The aims of the present study were to assess efficacy, activity and toxicity of P combined with either LT or FLV in a real world setting, and to study the efficacy and activity of treatments administered after progression to P + ET.
Methods: Records of 245 consecutive HR+/HER2- MBC patients from 14 Italian cancer centers were reviewed in this observational study. Primary end-point was progression-free survival (PFS) obtained with P+ET; secondary end-points were overall response rates (ORR) and clinical benefit rate (CBR) obtained with P+ET and with post-progression treatments, as well as overall survival (OS), PFS to subsequent treatment lines and post-progression survival (PPS).

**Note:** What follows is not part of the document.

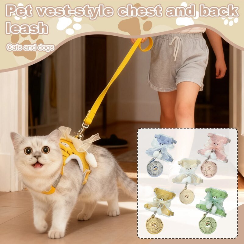 Dog Harness Leash Set for Small Dogs Adjustable Puppy Cat Harness Vest French Bulldog Chihuahua Pug Outdoor Walking Lead Leash

Results: Overall 245 pts were treated with P+ET from April 2014. Of them, 116 (47%) received it in first-line setting, 70 (28%) in second-line and the rest (68 pts, 25%) in subsequent lines. Median age was 60 (35-80) years and median ECOG performance status was 0. Seventy-three pts (30%) had more than two metastatic sites and 75 (31%) had visceral metastasis. Ninenty-one (37%) pts received P+LT and 92 (37%) were treated with P+FLV. For 15 (6%) premenopausal pts an LHRH analogue was added to P+ET. In 77 (41%) patients a biopsy of a metastatic lesion was performed.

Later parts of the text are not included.